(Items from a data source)
# # #

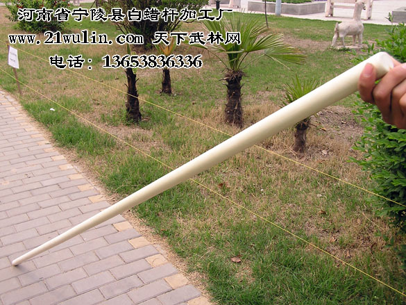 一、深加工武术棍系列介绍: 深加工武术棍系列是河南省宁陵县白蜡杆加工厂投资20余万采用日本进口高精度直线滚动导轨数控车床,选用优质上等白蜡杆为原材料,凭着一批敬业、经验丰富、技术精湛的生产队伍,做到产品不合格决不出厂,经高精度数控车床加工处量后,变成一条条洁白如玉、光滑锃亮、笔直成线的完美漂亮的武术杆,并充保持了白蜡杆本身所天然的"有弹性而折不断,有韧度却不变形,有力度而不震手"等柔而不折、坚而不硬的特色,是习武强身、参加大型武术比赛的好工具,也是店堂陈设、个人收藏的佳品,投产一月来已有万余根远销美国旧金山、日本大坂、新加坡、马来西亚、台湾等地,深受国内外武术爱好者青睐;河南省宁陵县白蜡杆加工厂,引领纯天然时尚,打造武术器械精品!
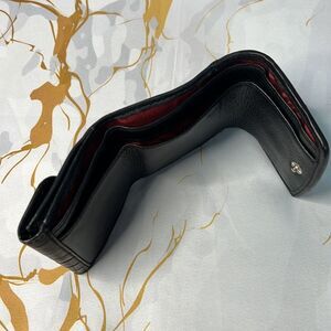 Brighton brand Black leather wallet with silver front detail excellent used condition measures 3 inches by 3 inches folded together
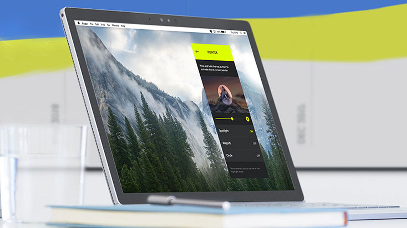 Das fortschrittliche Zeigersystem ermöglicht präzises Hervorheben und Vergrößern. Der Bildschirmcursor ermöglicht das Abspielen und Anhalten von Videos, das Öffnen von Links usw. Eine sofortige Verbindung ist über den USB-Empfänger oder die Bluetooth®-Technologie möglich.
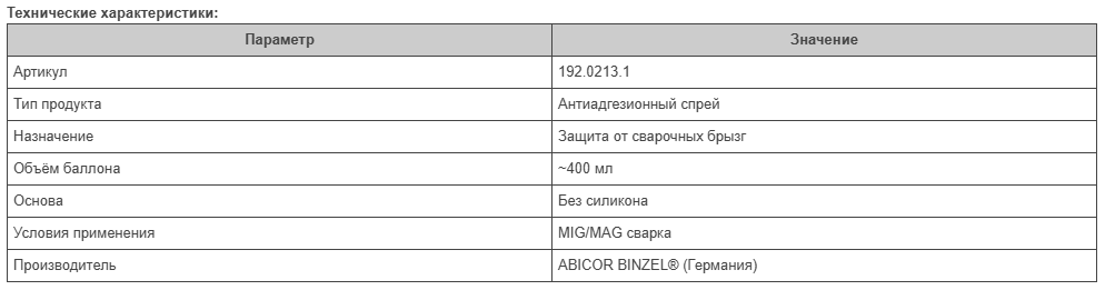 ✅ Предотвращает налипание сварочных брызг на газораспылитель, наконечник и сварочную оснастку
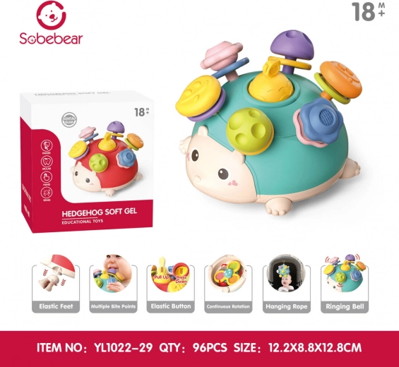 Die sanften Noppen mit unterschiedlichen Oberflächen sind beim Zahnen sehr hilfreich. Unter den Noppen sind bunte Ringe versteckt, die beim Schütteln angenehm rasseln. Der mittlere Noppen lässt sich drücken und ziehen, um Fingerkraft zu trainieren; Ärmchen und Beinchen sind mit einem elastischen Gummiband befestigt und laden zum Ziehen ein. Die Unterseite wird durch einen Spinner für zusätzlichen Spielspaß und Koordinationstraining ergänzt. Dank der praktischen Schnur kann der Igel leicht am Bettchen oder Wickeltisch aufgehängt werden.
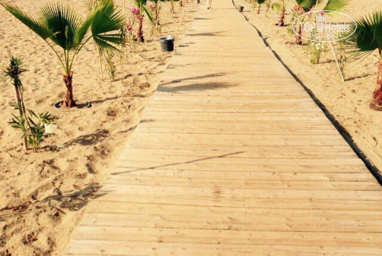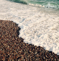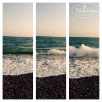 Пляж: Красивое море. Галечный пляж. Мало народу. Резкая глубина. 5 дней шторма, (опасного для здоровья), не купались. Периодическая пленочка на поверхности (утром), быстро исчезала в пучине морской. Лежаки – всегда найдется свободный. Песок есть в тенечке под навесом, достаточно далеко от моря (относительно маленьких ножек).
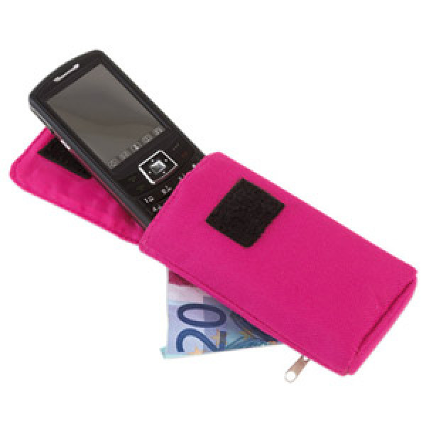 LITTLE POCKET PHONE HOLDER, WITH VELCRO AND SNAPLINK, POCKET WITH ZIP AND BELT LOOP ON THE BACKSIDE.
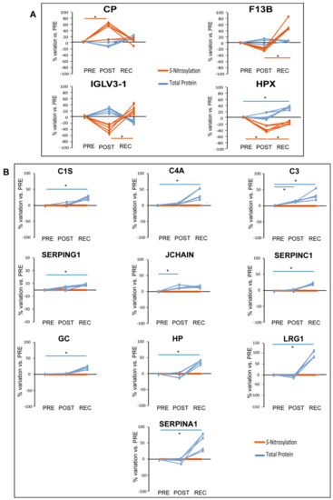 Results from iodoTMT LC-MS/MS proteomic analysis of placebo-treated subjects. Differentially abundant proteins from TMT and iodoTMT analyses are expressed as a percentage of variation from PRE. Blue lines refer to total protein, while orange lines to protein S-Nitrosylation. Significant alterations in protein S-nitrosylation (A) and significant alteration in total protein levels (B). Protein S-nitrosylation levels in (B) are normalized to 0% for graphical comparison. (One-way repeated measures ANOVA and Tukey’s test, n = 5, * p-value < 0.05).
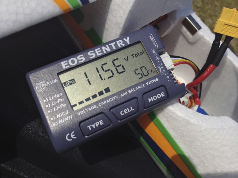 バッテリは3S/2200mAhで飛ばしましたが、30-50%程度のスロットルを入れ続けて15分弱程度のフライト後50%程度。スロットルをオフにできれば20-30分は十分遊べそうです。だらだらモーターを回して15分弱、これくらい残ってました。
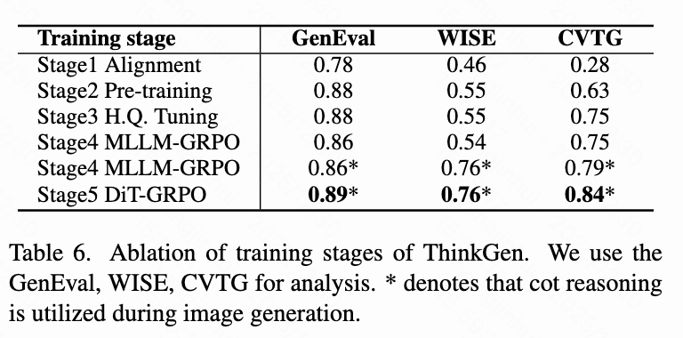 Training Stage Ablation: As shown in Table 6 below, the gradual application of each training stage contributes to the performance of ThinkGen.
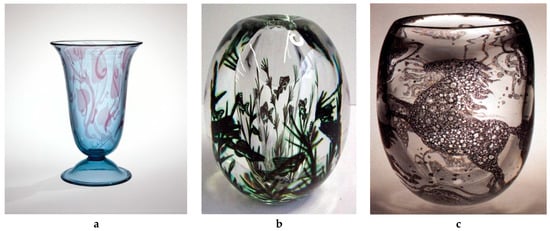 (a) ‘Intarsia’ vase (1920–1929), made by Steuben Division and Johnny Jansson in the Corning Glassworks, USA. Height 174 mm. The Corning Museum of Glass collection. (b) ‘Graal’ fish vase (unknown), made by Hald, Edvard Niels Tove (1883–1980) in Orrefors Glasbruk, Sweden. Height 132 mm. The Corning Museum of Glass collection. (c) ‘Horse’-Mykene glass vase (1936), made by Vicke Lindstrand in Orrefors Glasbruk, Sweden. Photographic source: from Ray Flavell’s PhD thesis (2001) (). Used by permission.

# # #

| Assignment |
From the records above, copy exactly the lines starting at the one with "Brighton brand Black" and ending at the one with "LITTLE POCKET PHONE", and no others. Pictures stay out.

| Answer section |
 Brighton brand Black leather wallet with silver front detail excellent used condition measures 3 inches by 3 inches folded together
 Das fortschrittliche Zeigersystem ermöglicht präzises Hervorheben und Vergrößern. Der Bildschirmcursor ermöglicht das Abspielen und Anhalten von Videos, das Öffnen von Links usw. Eine sofortige Verbindung ist über den USB-Empfänger oder die Bluetooth®-Technologie möglich.
 ✅ Предотвращает налипание сварочных брызг на газораспылитель, наконечник и сварочную оснастку
 Die sanften Noppen mit unterschiedlichen Oberflächen sind beim Zahnen sehr hilfreich. Unter den Noppen sind bunte Ringe versteckt, die beim Schütteln angenehm rasseln. Der mittlere Noppen lässt sich drücken und ziehen, um Fingerkraft zu trainieren; Ärmchen und Beinchen sind mit einem elastischen Gummiband befestigt und laden zum Ziehen ein. Die Unterseite wird durch einen Spinner für zusätzlichen Spielspaß und Koordinationstraining ergänzt. Dank der praktischen Schnur kann der Igel leicht am Bettchen oder Wickeltisch aufgehängt werden.
 Пляж: Красивое море. Галечный пляж. Мало народу. Резкая глубина. 5 дней шторма, (опасного для здоровья), не купались. Периодическая пленочка на поверхности (утром), быстро исчезала в пучине морской. Лежаки – всегда найдется свободный. Песок есть в тенечке под навесом, достаточно далеко от моря (относительно маленьких ножек).
 LITTLE POCKET PHONE HOLDER, WITH VELCRO AND SNAPLINK, POCKET WITH ZIP AND BELT LOOP ON THE BACKSIDE.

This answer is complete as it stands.